What is required
Set down exactly the lines from the first line of the records through the line that contains "根据教育部《中小学校新型冠状", and leave every picture out.

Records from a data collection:

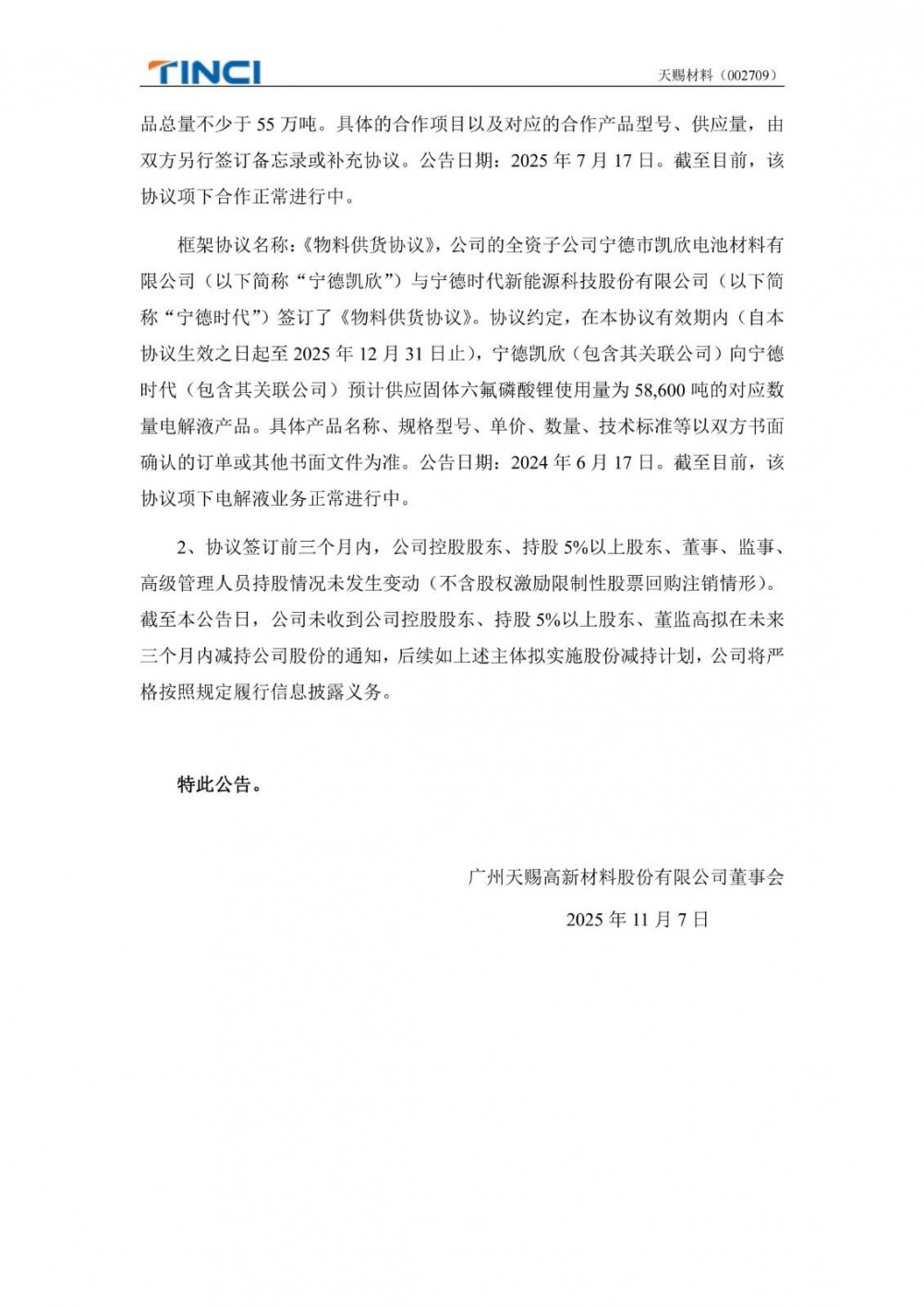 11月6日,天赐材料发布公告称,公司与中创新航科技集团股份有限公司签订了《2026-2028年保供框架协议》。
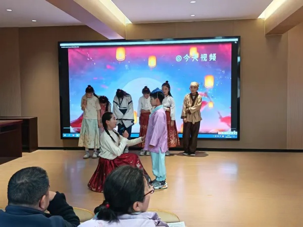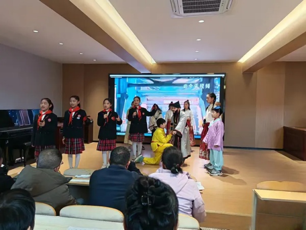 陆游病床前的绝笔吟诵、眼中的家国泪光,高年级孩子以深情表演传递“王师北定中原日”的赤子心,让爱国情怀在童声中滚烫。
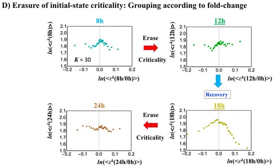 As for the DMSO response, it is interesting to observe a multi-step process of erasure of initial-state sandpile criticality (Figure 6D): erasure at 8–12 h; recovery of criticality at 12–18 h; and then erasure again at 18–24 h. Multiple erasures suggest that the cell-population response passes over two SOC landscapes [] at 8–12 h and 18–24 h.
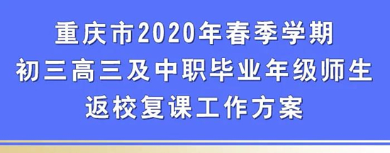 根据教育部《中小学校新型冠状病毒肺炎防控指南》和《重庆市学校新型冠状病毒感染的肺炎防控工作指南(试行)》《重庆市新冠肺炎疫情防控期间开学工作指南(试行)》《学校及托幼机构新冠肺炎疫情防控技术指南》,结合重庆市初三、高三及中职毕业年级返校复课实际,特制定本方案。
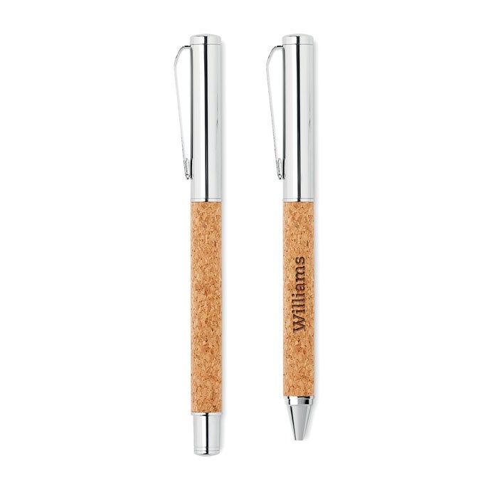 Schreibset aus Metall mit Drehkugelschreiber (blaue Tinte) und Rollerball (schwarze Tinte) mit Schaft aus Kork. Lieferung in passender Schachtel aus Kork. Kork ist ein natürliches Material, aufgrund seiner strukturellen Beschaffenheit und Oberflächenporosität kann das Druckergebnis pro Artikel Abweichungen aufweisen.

Solution to the exercise
 11月6日,天赐材料发布公告称,公司与中创新航科技集团股份有限公司签订了《2026-2028年保供框架协议》。
 陆游病床前的绝笔吟诵、眼中的家国泪光,高年级孩子以深情表演传递“王师北定中原日”的赤子心,让爱国情怀在童声中滚烫。
 As for the DMSO response, it is interesting to observe a multi-step process of erasure of initial-state sandpile criticality (Figure 6D): erasure at 8–12 h; recovery of criticality at 12–18 h; and then erasure again at 18–24 h. Multiple erasures suggest that the cell-population response passes over two SOC landscapes [] at 8–12 h and 18–24 h.
 根据教育部《中小学校新型冠状病毒肺炎防控指南》和《重庆市学校新型冠状病毒感染的肺炎防控工作指南(试行)》《重庆市新冠肺炎疫情防控期间开学工作指南(试行)》《学校及托幼机构新冠肺炎疫情防控技术指南》,结合重庆市初三、高三及中职毕业年级返校复课实际,特制定本方案。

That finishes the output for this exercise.